One of the central open problems to classify the computational complexity of finite-domain constraint satisfaction problems within P is to prove better algorithmic results for CSPs with a Maltsev polymorphism; we do not even know whether these CSPs are in NC. Relatedly, the descriptive complexity of these problems is open as well. An important special case, previously studied by Carbonell from the perspective of uniform polynomial time-algorithms, are CSPs with a conservative Maltsev polymorphism. We show that for every finite structure B with a conservative Maltsev polymorphism, the CSP for B can be solved by a symmetric linear Z2-Datalog program, and in particular is in the complexity class parity-L. Previously, the best known algorithms just showed containment in P. In our proof we develop a structure theory for conservative Maltsev algebras which might be of independent interest.

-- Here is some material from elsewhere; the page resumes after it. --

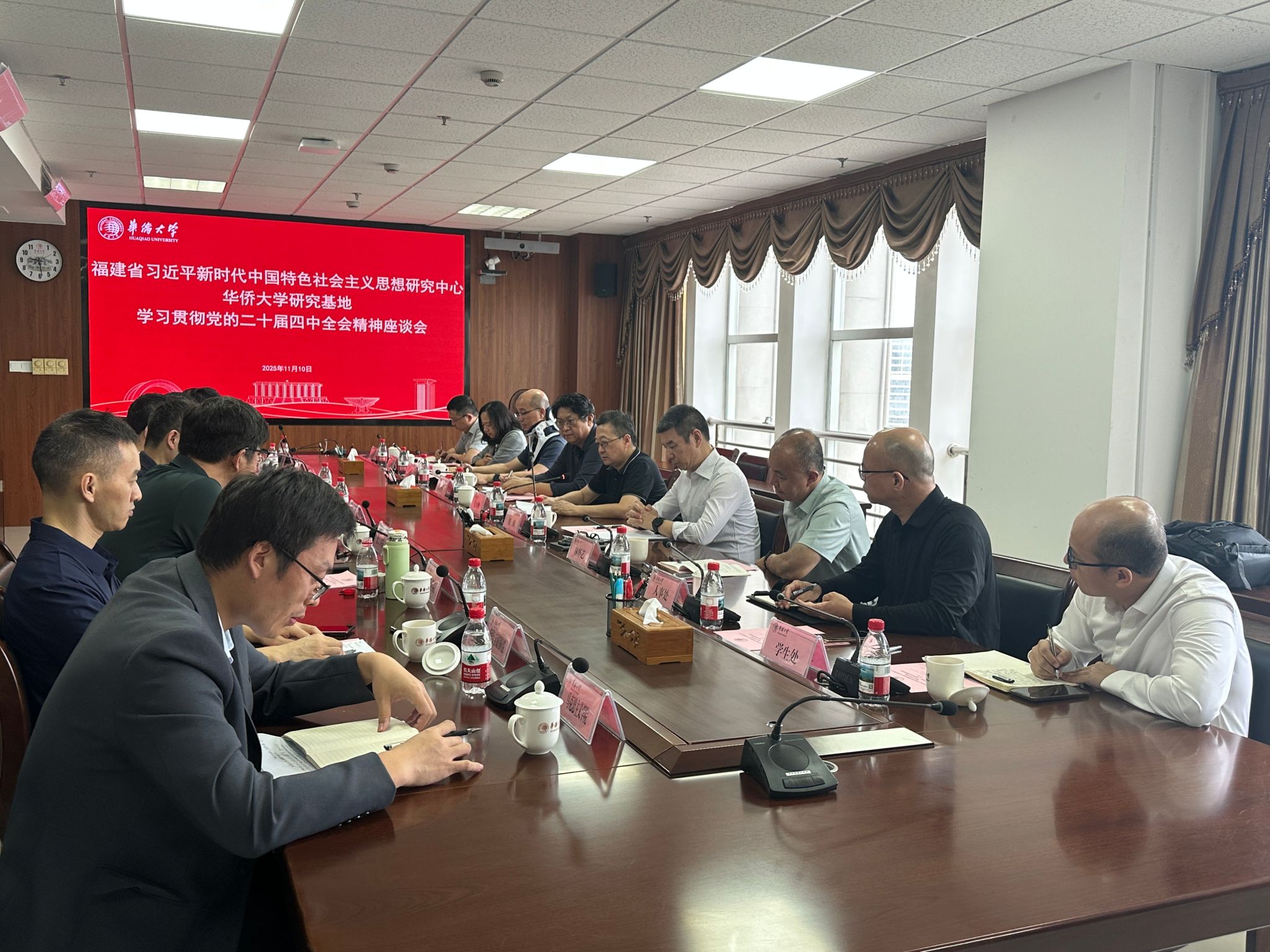 11月10日上午,福建省习近平新时代中国特色社会主义思想研究中心sjb世俱杯官方网站研究基地(以下简称“基地”)召开学习贯彻党的二十届四中全会精神座谈会。校党委书记、基地主任徐西鹏参加,副校长、基地副主任黄辉主持。

翻译：在有限域约束满足问题的计算复杂性分类中，一个核心开放问题是如何为具有马尔采夫多态性的CSP设计更优算法；我们甚至尚未明确这类CSP是否属于NC类。与此相关，这些问题的描述复杂性也尚未解决。卡博内尔曾从均匀多项式时间算法角度研究过的一个重要特例，是具有保守马尔采夫多态性的CSP。我们证明：对于任意具有保守马尔采夫多态性的有限结构B，其约束满足问题可通过对称线性Z2-Datalog程序求解，特别地属于奇偶对数空间复杂性类。此前最著名的算法仅能证明其属于P类。在证明过程中，我们建立了保守马尔采夫代数的结构理论，该理论可能具有独立的研究价值。